Make an exact copy of the listing so that no picture is carried over.
====== Available data ======
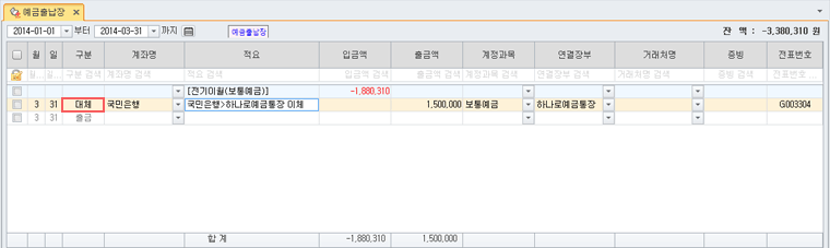 · ÀüÇ¥¿¡¼ ºÒ·¯¿Ã ¶§: ÀϹÝÀüÇ¥ ¹× ¸ÅÀÔ¸ÅÃâÀüÇ¥¿¡¼ °áÁ¦ÀåºÎ·Î ¿¹±ÝÀÇ °èÁ°¡ ¼±Åà µÇ¾îÁø °æ¿ì È®Àε˴ϴÙ.
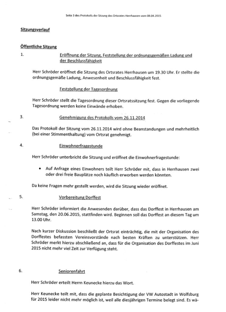 Protokoll über die Sitzung des Ortsrates Herrhausen am Mittwoch, dem 08.04.2015, 19:30 Uhr, in der Gaststätte "Zur Traube".
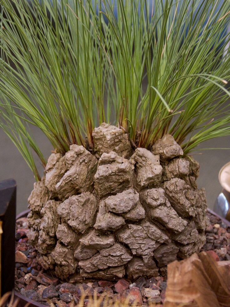 Многие цветоводы выращивают нолину (слоновья нога, бутылочное дерево, бокарнея) - это растение известно под многими названиями. Нолина достаточно популярна и очень красива, но мало кто знает, что у этого растения есть еще один близкий родственник. Справедливости ради надо сказать, что встречается это растение редко, выращивают его в основном коллекционеры. Но возможно, вам будет интересно с ним познакомиться. Итак, экзотический Калибанус Хукера. Роднит калибанус и нолину общая родина - полупустыни Мексики. Там эти растения встречаются повсеместно и имеют внушительные размеры. У нас выращиваются только в качестве горшечной культуры, а из-за очень медленного роста размеры калибануса более чем скромные. Назвать калибанус "очень красивым" как-то не поворачивается язык, хотя растение бесспорно представляет интерес для ценителей экзотики. Калибанус имеет вид приплюснутого пенька с сильно растрескавшейся корой из щелей которого пучками растут длинные узкие листья, напоминающие листья злаковы
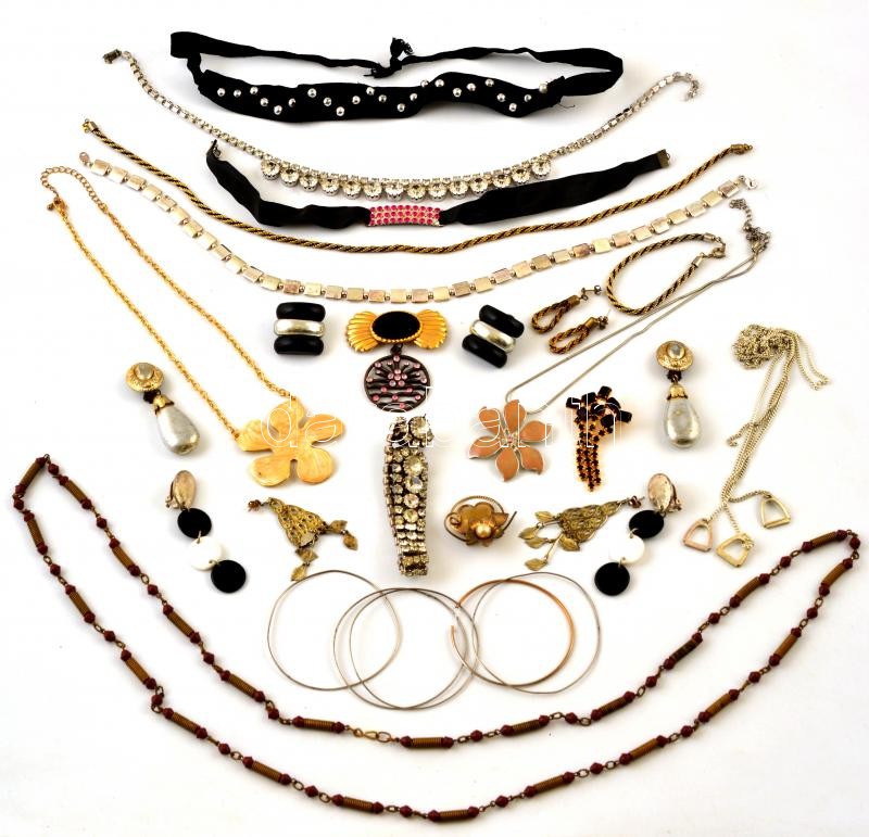 Leírás: Vegyes dekoratív bizsu tétel, nyakláncok, brossok, stb., 20 db
======
* Completed task *
 · ÀüÇ¥¿¡¼ ºÒ·¯¿Ã ¶§: ÀϹÝÀüÇ¥ ¹× ¸ÅÀÔ¸ÅÃâÀüÇ¥¿¡¼ °áÁ¦ÀåºÎ·Î ¿¹±ÝÀÇ °èÁ°¡ ¼±Åà µÇ¾îÁø °æ¿ì È®Àε˴ϴÙ.
 Protokoll über die Sitzung des Ortsrates Herrhausen am Mittwoch, dem 08.04.2015, 19:30 Uhr, in der Gaststätte "Zur Traube".
 Многие цветоводы выращивают нолину (слоновья нога, бутылочное дерево, бокарнея) - это растение известно под многими названиями. Нолина достаточно популярна и очень красива, но мало кто знает, что у этого растения есть еще один близкий родственник. Справедливости ради надо сказать, что встречается это растение редко, выращивают его в основном коллекционеры. Но возможно, вам будет интересно с ним познакомиться. Итак, экзотический Калибанус Хукера. Роднит калибанус и нолину общая родина - полупустыни Мексики. Там эти растения встречаются повсеместно и имеют внушительные размеры. У нас выращиваются только в качестве горшечной культуры, а из-за очень медленного роста размеры калибануса более чем скромные. Назвать калибанус "очень красивым" как-то не поворачивается язык, хотя растение бесспорно представляет интерес для ценителей экзотики. Калибанус имеет вид приплюснутого пенька с сильно растрескавшейся корой из щелей которого пучками растут длинные узкие листья, напоминающие листья злаковы
 Leírás: Vegyes dekoratív bizsu tétel, nyakláncok, brossok, stb., 20 db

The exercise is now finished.